DATA EXTRACT -
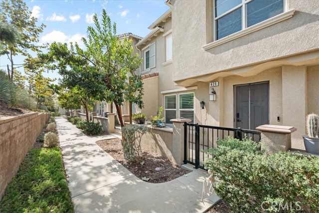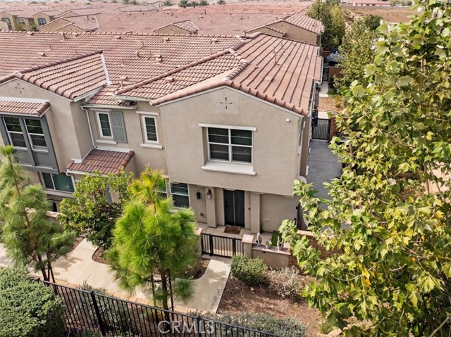 Check out this end-unit with one of the largest side yards! This semi-attached townhouse is located in the gated community of El Paseo, where you can enjoy resort-style amenities including a pool, spa, recreation center, and tot lot. This two-story home offers a spacious living room, dining area, large kitchen, and a convenient half bath on the main floor. Upstairs features a loft with a balcony, a primary bedroom with an en suite bathroom including dual vanities and a walk-in closet, two additional bedrooms, a hall bath, and an upstairs laundry room. Additional highlights include a two-car garage with direct access, luxury vinyl flooring, recessed lighting, and energy-efficient appliances. the property is ADA compliant, Ideally located near major employment centers, Ontario International Airport, and the Victoria Gardens Outdoor Mall.
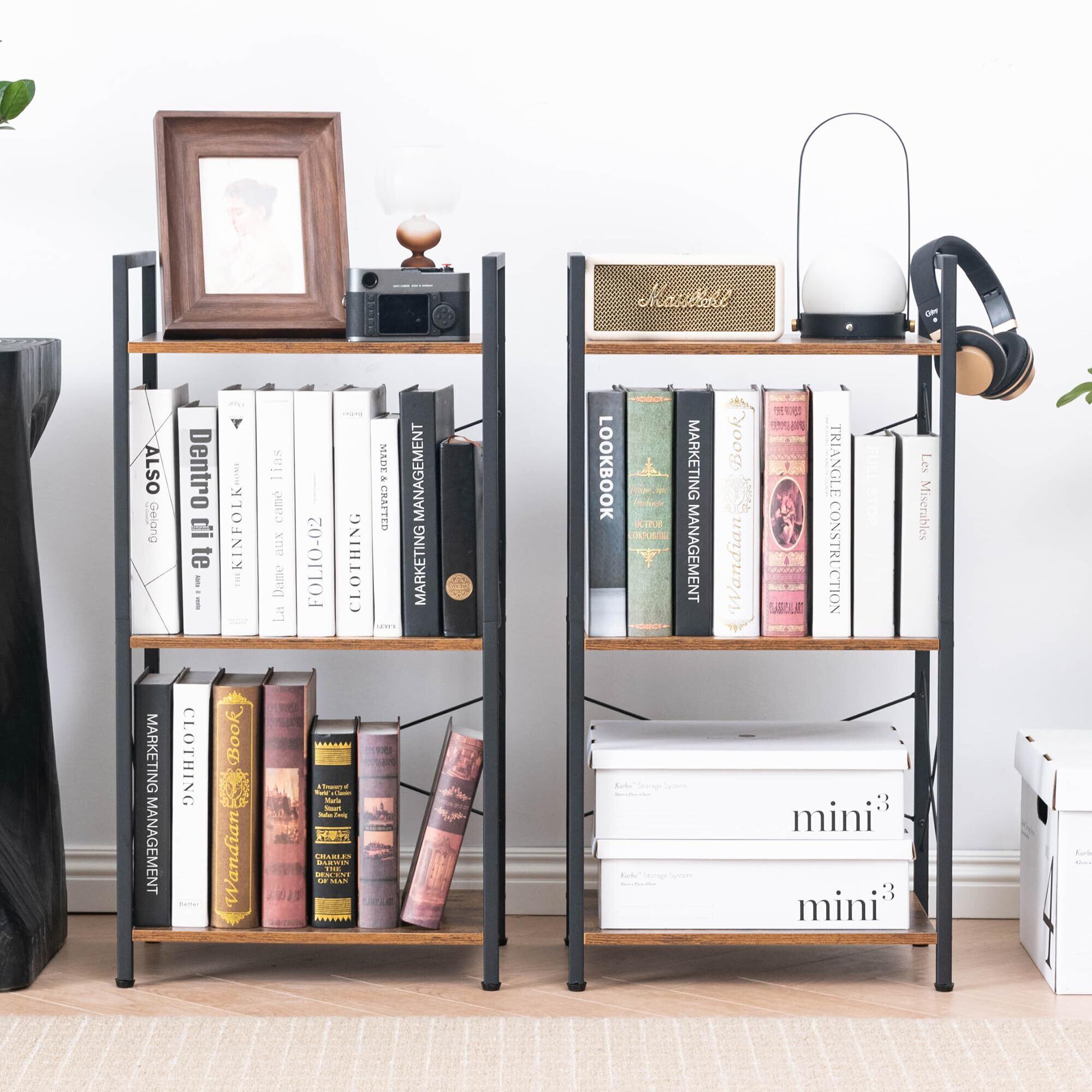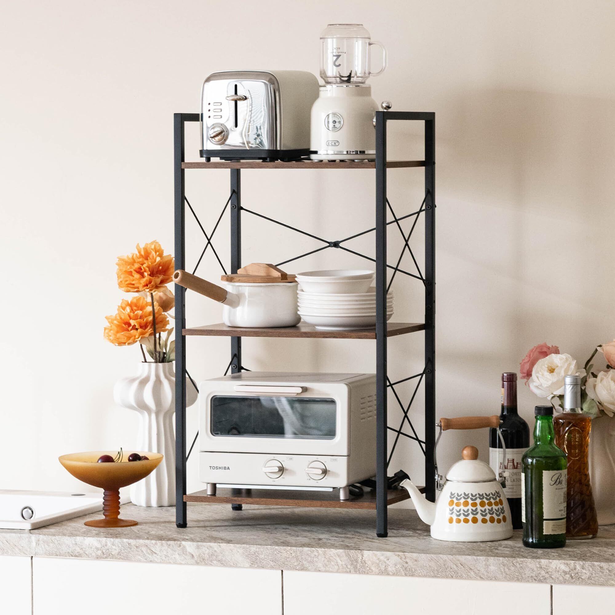 HCHQHS キッチンラック おしゃれ オープンシェルフ 本棚 幅42×奥行28cm×高さ80cm 3段 組立品 3段 ディスプレイ 食器棚 スリム 隙間収納 木目 組立簡単
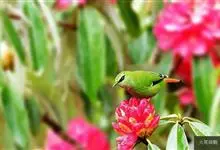 火尾绿鹛是莺科、绿鹛属小型鸟类,体长11-14厘米。上体绿色,头顶至枕具黑色鳞状斑,眼先和眼后黑色,眉纹黄绿色。两翅黑色具黄色和红色翅斑及白色端斑,极为醒目。中央一对尾羽绿色,外侧尾羽鲜红色。…全部>>
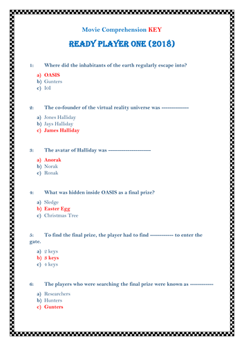 Movie Ready Player One 2018 Comprehension Worksheet With Key Teaching Resources

TASK PROMPT - Beginning with the line that contains "HCHQHS キッチンラック おしゃれ" and ending with the last line of the data above, output those lines exactly and nothing more, without any pictures.

RESULT -
 HCHQHS キッチンラック おしゃれ オープンシェルフ 本棚 幅42×奥行28cm×高さ80cm 3段 組立品 3段 ディスプレイ 食器棚 スリム 隙間収納 木目 組立簡単
 火尾绿鹛是莺科、绿鹛属小型鸟类,体长11-14厘米。上体绿色,头顶至枕具黑色鳞状斑,眼先和眼后黑色,眉纹黄绿色。两翅黑色具黄色和红色翅斑及白色端斑,极为醒目。中央一对尾羽绿色,外侧尾羽鲜红色。…全部>>
 Movie Ready Player One 2018 Comprehension Worksheet With Key Teaching Resources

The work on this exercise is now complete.